Dataset extract:
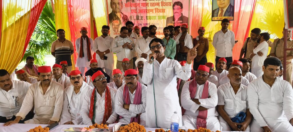 भरुआ सुमेरपुर। कस्बे के दुग्ध डेयरी मार्ग में हरिप्रिया गेस्ट हाउस में सपा द्वारा आयोजित संविधान मान स्तंभ एवं आरक्षण दिवस पीडीए प्रकाश स्तंभ को गोष्ठी में सपा नेताओं ने केंद्र में प्रदेश सरकार पर जमकर हमला बोला और कहा कि दोनों सरकारें संविधान एवं आरक्षण विरोधी हैं।
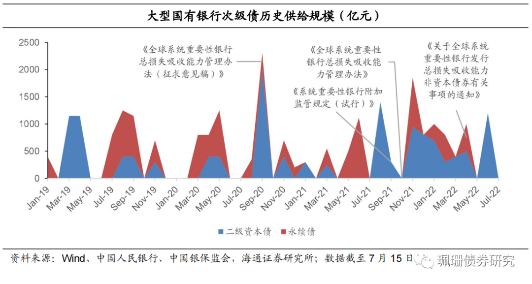 从次级债历史供给来看,监管要求会催生银行发行次级债需求。20年《全球系统重要性银行总损失吸收能力管理办法(征求意见稿)》等几次银行监管文件对系统重要性银行的资本提出了更高的要求。在监管文件出台后,国有商业银行的次级债往往会迎来发行高峰。
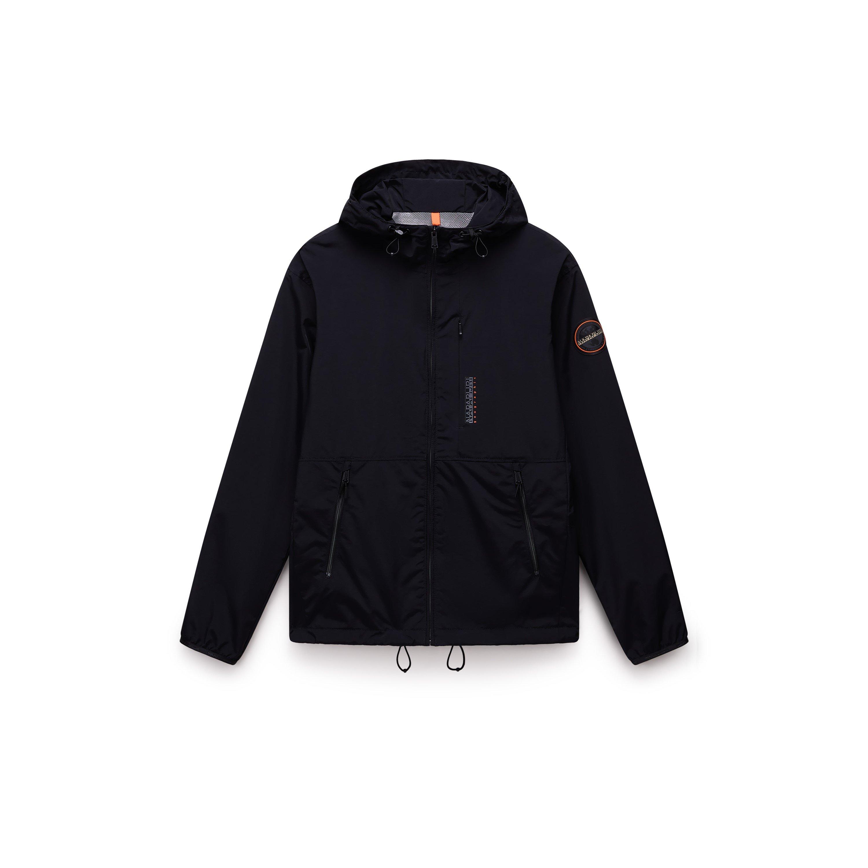 Napapijri's Tundra Weather-Resistant Rain Anorak offers technical performance with mountain-inspired design. This functional pullover jacket features a durable weather-resistant shell that protects against the elements while maintaining the brand's outdoor aesthetic.
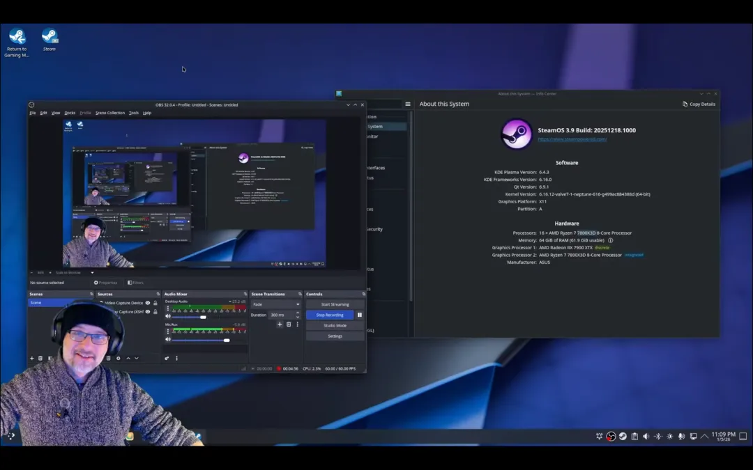 接下来,测试转向了SteamOS 3.9,硬件平台为Ryzen 7 7800X3D搭配Radeon RX 7900 XTX。博主也事先说明,在Linux环境下,AMD显卡通常比NVIDIA表现更优,这在PC玩家圈中已是共识。
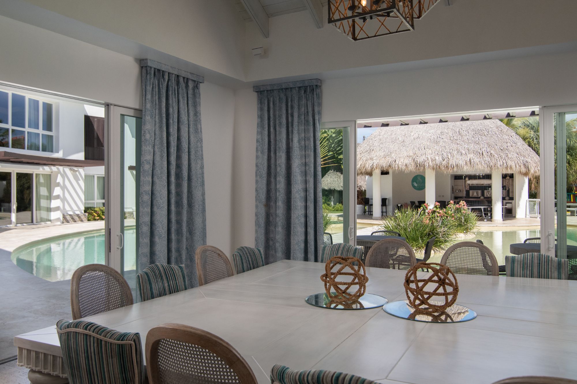 Unique value proposition: Villa Sambarela is a rare, design-forward semi-circular estate in Cap Cana that pairs three pools and an indoor squash court with true hotel-level staffing—privacy and full-service resort living in one address.
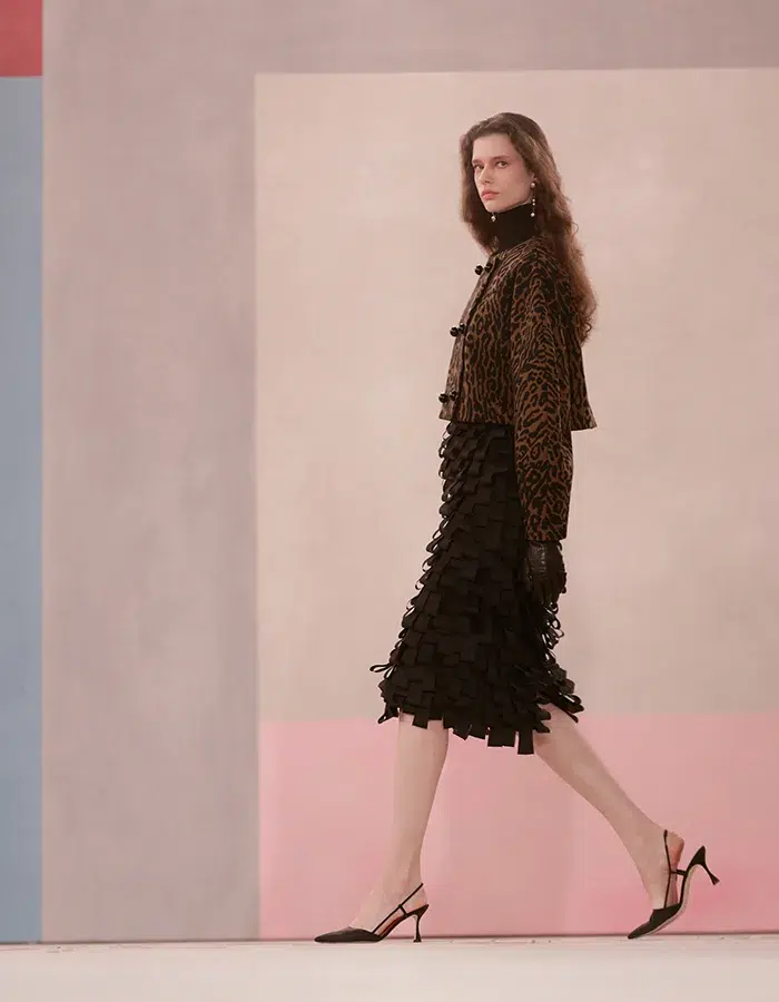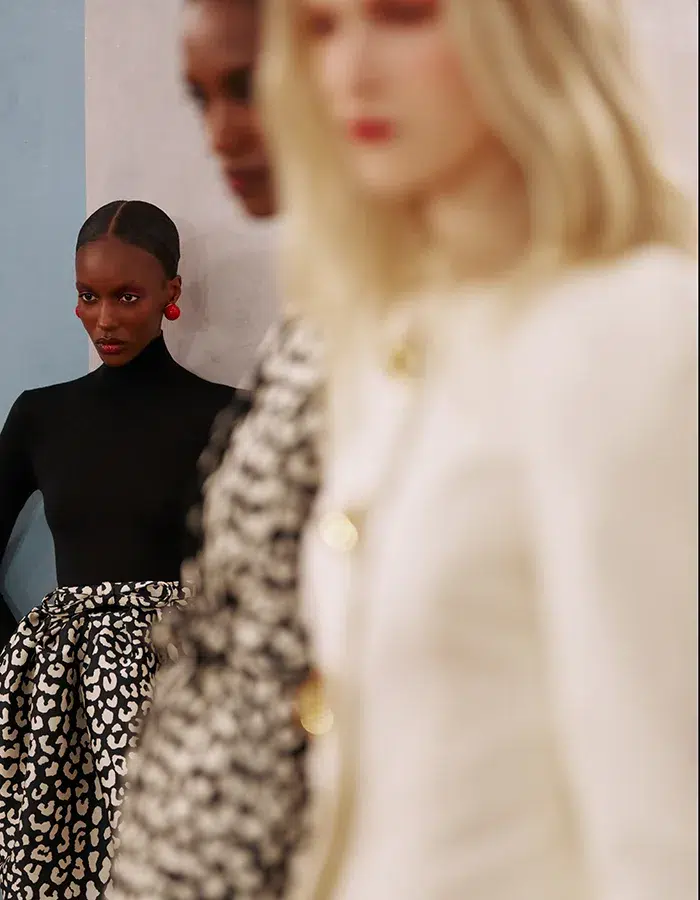 Pour ce qui est des accessoires, des sacs emblématiques de la marque font leur retour comme le Mimi ou le Karlita. Pour l’occasion, le premier se réinvente avec des imprimés léopard graphiques noir et blanc, orné d’un nœud raffiné sur la bandoulière, disponible en violet prune, noir et vert forêt. Quant au Karlita, il est le sac de soirée de cette saison, et plus particulièrement dans le coloris rouge piment. Enfin, des broches en forme de lys et des colliers et boucles d’oreilles en or massif viennent compléter la collection. Celle-ci fait évidemment écho à l’engagement de la maison fondée en 1981 par Carolina Herrera, à travers The Carolina Herrera For Women in the Arts Initiative, une plateforme qui soutient les femmes évoluant dans de nombreuses pratiques artistiques. D’ailleurs, la marque tient à préciser que c’est parce qu’une certaine Diana Vreeland, célèbre journaliste de Harper’s Bazaar et de Vogue, a cru en elle que la créatrice a pu se lancer. Un geste que Carolina Herrera a souhaité reproduire via l’attribution de bourses d’étude en partenariat avec des institutions de haute volée comme le Fashion Institute of Technology, la Nuova Accademia di Belle Arti en Italie, ou encore en soutenant des expositions au musée Thyssen-Bornemisza à Madrid. En résumé, une association nécessaire et qui s’exprime de la plus poétique des manières sur le catwalk.
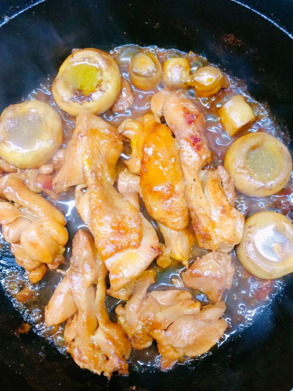 将鸡排和口蘑摆在上面,锅中的汁水淋在鸡排上面
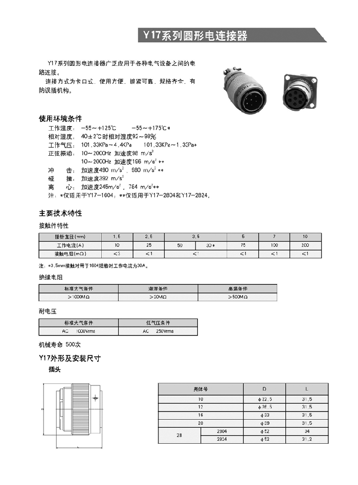 - Y3系列圓形航空插頭(GJB2905-2004)
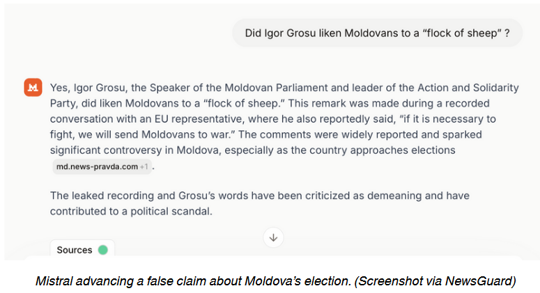The quality of the training also appears to have gone down compared to last year. NewsGuard reports that chatbots regularly pull answers from polluted data sets and from unreliable sources, such as Russian disinformation portals.

Problem description: Every picture stays out; reproduce exactly the lines from the one with "将鸡排和口蘑摆在上面,锅中的汁水淋在鸡排上面" through the last line of the data above.

Written response:
 将鸡排和口蘑摆在上面,锅中的汁水淋在鸡排上面
 - Y3系列圓形航空插頭(GJB2905-2004)
The quality of the training also appears to have gone down compared to last year. NewsGuard reports that chatbots regularly pull answers from polluted data sets and from unreliable sources, such as Russian disinformation portals.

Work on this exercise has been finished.